Male Breast Cancer
Medikoe Wellness Expert
80 feet road indira nagar, Bengaluru Feb 14, 2017
Breast cancer isn’t only a woman’s disease. Men can also get breast cancer, although it’s rare. Male breast cancer is a rare cancer that forms in the breast tissue of men. Though breast cancer is most commonly thought of as a disease that affects women, breast cancer does occur in men. Although a very small amount, men too possess non-functioning breast tissues which are situated in the chest wall directly behind the nipple. They turn cancerous when the cells in the breast tissue grow uncontrollably and become abnormal in appearance and behavior. Male breast cancer symptoms are similar to those in women.
Most male breast cancers are diagnosed when a man discovers a lump on his chest. A rare genetic condition called Klinefelter's syndrome can cause male breast cancer genetically. If you have a strong family history of cancer, Your doctor may recommend that you meet with a genetic counselor in order to consider genetic testing to see if you carry genes that increase your risk of cancer. Most breast tissue in men is concentrated in the area directly behind the nipple and the surrounding pigmented area, called the areola.
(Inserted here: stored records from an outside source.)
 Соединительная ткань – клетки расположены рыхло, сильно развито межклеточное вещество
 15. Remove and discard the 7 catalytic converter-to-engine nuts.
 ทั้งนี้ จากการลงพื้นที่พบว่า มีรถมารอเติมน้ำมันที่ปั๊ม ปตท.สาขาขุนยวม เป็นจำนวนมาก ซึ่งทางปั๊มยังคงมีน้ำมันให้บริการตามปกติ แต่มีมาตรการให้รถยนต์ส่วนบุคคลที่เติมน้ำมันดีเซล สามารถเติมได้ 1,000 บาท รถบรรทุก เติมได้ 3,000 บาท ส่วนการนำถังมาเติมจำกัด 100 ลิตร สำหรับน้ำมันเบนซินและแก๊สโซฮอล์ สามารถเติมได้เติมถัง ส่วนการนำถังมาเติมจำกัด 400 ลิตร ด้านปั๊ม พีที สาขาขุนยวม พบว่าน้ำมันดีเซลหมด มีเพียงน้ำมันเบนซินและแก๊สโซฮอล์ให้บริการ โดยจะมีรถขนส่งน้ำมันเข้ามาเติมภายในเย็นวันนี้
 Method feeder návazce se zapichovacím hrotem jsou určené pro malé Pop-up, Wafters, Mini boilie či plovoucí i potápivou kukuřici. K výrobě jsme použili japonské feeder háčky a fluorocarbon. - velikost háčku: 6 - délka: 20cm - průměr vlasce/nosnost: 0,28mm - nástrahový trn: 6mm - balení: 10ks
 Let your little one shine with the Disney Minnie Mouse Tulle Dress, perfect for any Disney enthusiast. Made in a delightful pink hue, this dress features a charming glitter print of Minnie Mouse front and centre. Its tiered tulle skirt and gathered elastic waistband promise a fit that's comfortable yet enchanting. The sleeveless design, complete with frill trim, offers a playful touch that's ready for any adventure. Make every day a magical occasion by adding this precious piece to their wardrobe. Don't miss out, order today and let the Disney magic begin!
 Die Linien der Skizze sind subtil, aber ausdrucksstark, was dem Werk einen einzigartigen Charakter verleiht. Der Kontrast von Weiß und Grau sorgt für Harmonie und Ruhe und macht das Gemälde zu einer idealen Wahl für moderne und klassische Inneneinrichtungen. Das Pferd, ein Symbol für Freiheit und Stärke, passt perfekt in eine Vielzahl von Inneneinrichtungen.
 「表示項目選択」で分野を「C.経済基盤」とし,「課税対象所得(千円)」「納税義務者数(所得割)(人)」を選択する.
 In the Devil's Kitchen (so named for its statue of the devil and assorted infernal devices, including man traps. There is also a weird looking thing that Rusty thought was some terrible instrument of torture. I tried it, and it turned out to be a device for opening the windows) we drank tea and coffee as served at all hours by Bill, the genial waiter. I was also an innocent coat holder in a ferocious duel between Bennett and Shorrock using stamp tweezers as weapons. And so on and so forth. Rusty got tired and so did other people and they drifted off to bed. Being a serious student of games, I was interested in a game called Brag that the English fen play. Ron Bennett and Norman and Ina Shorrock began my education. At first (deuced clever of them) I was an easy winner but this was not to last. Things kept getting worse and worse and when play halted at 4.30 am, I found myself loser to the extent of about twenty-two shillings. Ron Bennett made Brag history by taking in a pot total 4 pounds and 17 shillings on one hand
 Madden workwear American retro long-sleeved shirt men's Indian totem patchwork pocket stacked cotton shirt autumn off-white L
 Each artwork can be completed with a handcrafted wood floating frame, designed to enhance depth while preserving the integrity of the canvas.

Most – though not all – breast cancers in men appear near the nipple as firm lumps. The disease is much less common in men because their breast ducts — where the cancer starts — are less well-developed than women’s. Men also have lower levels of estrogen, the hormone that fuels breast cancer growth. Your risk of breast cancer steadily increases as you get older. The breast cancer male age range is 60.
Signs of male breast cancer can include-
A painless lump or thickening in your breast tissue
Changes to the skin covering your breast, such as dimpling, puckering, redness or scaling
Changes to your nipple, such as redness or scaling, or a nipple that begins to turn inward
Discharge from your nipple
Facts about male cancer-
A very rare case, say 1 in 1000 males
Risk of breast cancer is associated with elevated estrogen levels, exposure to radiation or family history of breast cancer.
A lump beneath the nipple
It is categorized into stages based on the progress of the tumor
Breast cancer Male VS Female
Breast cancer risk is much lower in men than in women. Survival rates for men are about the same as for women with the same stage of breast cancer at the time of diagnosis. Male breast cancer is a rare disease accounting for 1% of all breast cancers. Male breast cancers display distinct immunophenotypic differences from those occurring in women, implying different pathogenesis in the evolution and progression of this disease. Such differences may play key roles in therapeutic management, warranting different treatment strategies in comparison to female breast cancers. The rate of male breast cancer is a small fraction of that observed in females, thus severely limiting our understanding of the pathogenesis of this condition. It remains unclear whether the biological behavior and tumor progression associated with male breast cancer parallels that of the female form.Hers’s an incidence of male breast cancer in India. It is a story of about a boy having breast cancer. I was diagnosed with breast cancer in 2011. It was my wife who spotted that my nipple was looking odd. She said, “Why’s your nipple turned in on itself?”It didn’t hurt. But my wife urged me to get an appointment with our GP as soon as possible. My GP quickly referred me for more investigations and I had a physical examination, scans, and a biopsy.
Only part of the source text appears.